A SSCCE would be very helpful.
That said, I'll try to answer as good as I can:
I have a malloc'd array of integers that I fill with MPI_Recv
MPI_Recv(d.current, n, MPI_INT, 0, TAG_CURRENT_ARRAY, MPI_COMM_WORLD, &status);
How large is that array? How exactly did you malloc() it? What is n in this case and how is it related to the malloc()ed size?
Your observations show that MPI_Recv() is the reason for this error to occur. In order to make this error occur, MPI_Recv() has written beyond the end of the malloc()ed memory area, which it isn't allowed to. This messes up either the linked list used internally by memory management or the size of blocks behind it or both, leading to the said error.
I have tested the value of d.current both before and after the MPI_Recv and it doesn't change (which is correct).
(How should it? You are passing the pointer to the function, not its address. So the pointer cannot change.)
However if I try to free the data I get an error:
* Error in `./bin/obddhe-mpi': free(): invalid next size (fast): 0x0965e988 *
The exact same free before the receive works perfectly.
That is another clue for what I wrote above: the meory behind the block you use has been freed and contains a pointer to the next free area.
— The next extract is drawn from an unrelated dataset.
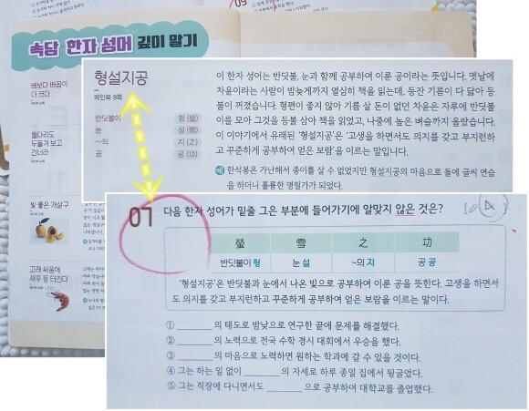 문제와 함께 다시 비교 해보았습니다. 아이가 이젠 형설지공이란 한자성어만큼은 자신있게 이야기 할 수 있을것 같다고 하네요! 반복과 깊이있는 학습에서 오는 효과란 생각입니다.

If you free() your memory, the library tries to merge the free blocks, the second of those being corrupt, leading to this error.
Imagine you have the following situation:
- Your memory manager prepends each memory block, be it free or allocated, with its length.
- The free blocks have the address of the next free block at their start - this is the linked list I mentioned.
- Your allocated block, prepended with its length, is followed by
- a free block, prepended with its length and containing the address of the next free block of NULL if there is no next free block.
Then, if you write past the end of your memory block, the length and content of the next block will be touched and tampered with.
This doesn't affect anything - till now.
But if you call free() on your block, this block will be merged with the free block after it.
In order to do so, the following actions must occur:
- Traverse the linked list in order to find adjacent free blocks - which already might lead to this error because the "next" pointer of the 2nd free block is garbage.
- Calculate the size of the bigger free block from the other blocks. If one of these contains garbage, the garbage will be used for calculating the new, bigger free block size and the confusion is perfect.